Aye, I overlooked that.

> 2) If the MADV_WILLNEED call fails, all the user needs to do is to
> use a smaller chunk, and walk across the file using that chunk
> size! The only system-protecting limit here is the request queue
> size.
>
> 3) We don't know that the application will try to map all that readahead
> at the same time anyway. And if it does, the rlimits will catch it.
>

Yes. Though currently there is no enforcement for RLIMIT_RSS
implemented. I guess when its there it will catch it when the process
starts faulting on those pages.

> Linus used "half the size of the inactive list" in sys_readahead. That's
> probably as good as anything else. I'd suggest that we just share
> that bit of code in madvise.
>

<snip>

> I agree that failing with an error is inappropriate.
>
> We should limit the readahead according to machine size, disk bandwidth,
> free memory availability, shoe size, etc. And once that's done then
> it _has_ to return success. Otherwise the application would see
> different results depending on system size and activity.
>
> It is just "advice".

So then something of the following without the check is more
appropriate or a starting point then?


diff -urN linux-2.4.20/mm/filemap.c linux-2.4.20patched/mm/filemap.c
--- linux-2.4.20/mm/filemap.c Mon Dec 9 14:19:13 2002
+++ linux-2.4.20patched/mm/filemap.c Tue Dec 10 15:30:05 2002
@@ -2455,7 +2455,7 @@
{
long error = -EBADF;
struct file * file;
- unsigned long size, rlim_rss;
+ unsigned long size, max;

/* Doesn't work if there's no mapped file. */
if (!vma->vm_file)
@@ -2469,12 +2469,10 @@
end = vma->vm_end;
end = ((end - vma->vm_start) >> PAGE_SHIFT) + vma->vm_pgoff;

- /* Make sure this doesn't exceed the process's max rss. */
- error = -EIO;
- rlim_rss = current->rlim ? current->rlim[RLIMIT_RSS].rlim_cur :
- LONG_MAX; /* default: see resource.h */
- if ((vma->vm_mm->rss + (end - start)) > rlim_rss)
- return error;
+ /* Like sys_readahead, limit to a sane percentage of inactive list.. */
+ max = nr_inactive_pages / 2;
+ if ((end - start) > max)
+ end = start + max;

/* round to cluster boundaries if this isn't a "random" area. */
if (!VM_RandomReadHint(vma)) {


--
Kingsley

2002-12-10 07:48:00

by Andrew Morton

[permalink] [raw]
Subject: Re: [TRIVIAL PATCH 2.4.20] madvise_willneed makes bad limit comparison

Kingsley Cheung wrote:
>
>...
> So then something of the following without the check is more
> appropriate or a starting point then?
>

Looks good to me. Here's a 2.5 version...

include/linux/mm.h | 1 +
mm/filemap.c | 12 +-----------
mm/madvise.c | 23 +++++------------------
mm/readahead.c | 13 +++++++++++++
4 files changed, 20 insertions(+), 29 deletions(-)

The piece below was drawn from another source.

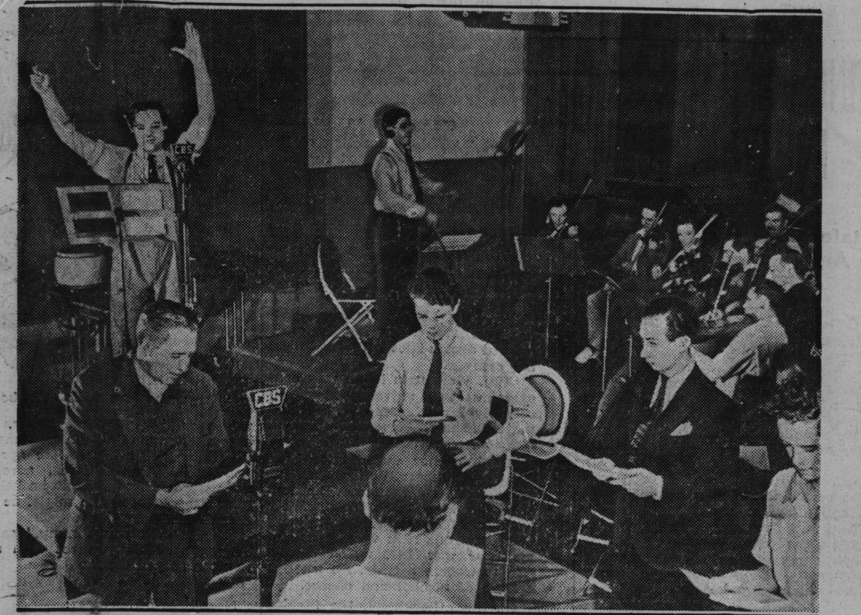
Orson Welles, youthful guiding light of the "Mercury Theatre of the Air," is pictured, arms upraised, with his company directing a rehearsal of one of his plays. The Federal Communications Commission has launched an inquiry into Welles' broadcast of a dramatization of H. G. Wells' novel, "The War of the Worlds." The broadcast created widespread panic among radio listeners throughout the country.

--- 25/mm/filemap.c~max_sane_readahead Mon Dec 9 23:44:47 2002
+++ 25-akpm/mm/filemap.c Mon Dec 9 23:47:14 2002
@@ -898,20 +898,10 @@ static ssize_t
do_readahead(struct address_space *mapping, struct file *filp,
unsigned long index, unsigned long nr)
{
- unsigned long max;
- unsigned long active;
- unsigned long inactive;
-
if (!mapping || !mapping->a_ops || !mapping->a_ops->readpage)
return -EINVAL;

- /* Limit it to a sane percentage of the inactive list.. */
- get_zone_counts(&active, &inactive);
- max = inactive / 2;
- if (nr > max)
- nr = max;
-
- do_page_cache_readahead(mapping, filp, index, nr);
+ do_page_cache_readahead(mapping, filp, index, max_sane_readahead(nr));
return 0;
}

--- 25/mm/readahead.c~max_sane_readahead Mon Dec 9 23:44:55 2002
+++ 25-akpm/mm/readahead.c Mon Dec 9 23:48:39 2002
@@ -465,3 +465,16 @@ void handle_ra_miss(struct address_space
ra->next_size = min;
}
}
+
+/*
+ * Given a desired number of PAGE_CACHE_SIZE readahead pages, return a
+ * sensible upper limit.
+ */
+unsigned long max_sane_readahead(unsigned long nr)
+{
+ unsigned long active;
+ unsigned long inactive;
+
+ get_zone_counts(&active, &inactive);
+ return min(nr, inactive / 2);
+}
--- 25/include/linux/mm.h~max_sane_readahead Mon Dec 9 23:47:45 2002
+++ 25-akpm/include/linux/mm.h Mon Dec 9 23:48:06 2002
@@ -524,6 +524,7 @@ void page_cache_readaround(struct addres
unsigned long offset);
void handle_ra_miss(struct address_space *mapping,
struct file_ra_state *ra);
+unsigned long max_sane_readahead(unsigned long nr);

/* Do stack extension */
extern int expand_stack(struct vm_area_struct * vma, unsigned long address);
--- 25/mm/madvise.c~max_sane_readahead Mon Dec 9 23:52:37 2002
+++ 25-akpm/mm/madvise.c Mon Dec 9 23:52:41 2002
@@ -51,36 +51,23 @@ static long madvise_behavior(struct vm_a
}

/*
- * Schedule all required I/O operations, then run the disk queue
- * to make sure they are started. Do not wait for completion.
+ * Schedule all required I/O operations. Do not wait for completion.
*/
static long madvise_willneed(struct vm_area_struct * vma,
unsigned long start, unsigned long end)
{
- long error = -EBADF;
- struct file * file;
- unsigned long size, rlim_rss;
+ struct file *file = vma->vm_file;

- /* Doesn't work if there's no mapped file. */
if (!vma->vm_file)
- return error;
- file = vma->vm_file;
- size = (file->f_dentry->d_inode->i_size + PAGE_CACHE_SIZE - 1) >>
- PAGE_CACHE_SHIFT;
+ return -EBADF;

start = ((start - vma->vm_start) >> PAGE_SHIFT) + vma->vm_pgoff;
if (end > vma->vm_end)
end = vma->vm_end;
end = ((end - vma->vm_start) >> PAGE_SHIFT) + vma->vm_pgoff;

- /* Make sure this doesn't exceed the process's max rss. */
- error = -EIO;
- rlim_rss = current->rlim ? current->rlim[RLIMIT_RSS].rlim_cur :
- LONG_MAX; /* default: see resource.h */
- if ((vma->vm_mm->rss + (end - start)) > rlim_rss)
- return error;
-
- do_page_cache_readahead(file->f_dentry->d_inode->i_mapping, file, start, end - start);
+ do_page_cache_readahead(file->f_dentry->d_inode->i_mapping,
+ file, start, max_sane_readahead(end - start));
return 0;
}


_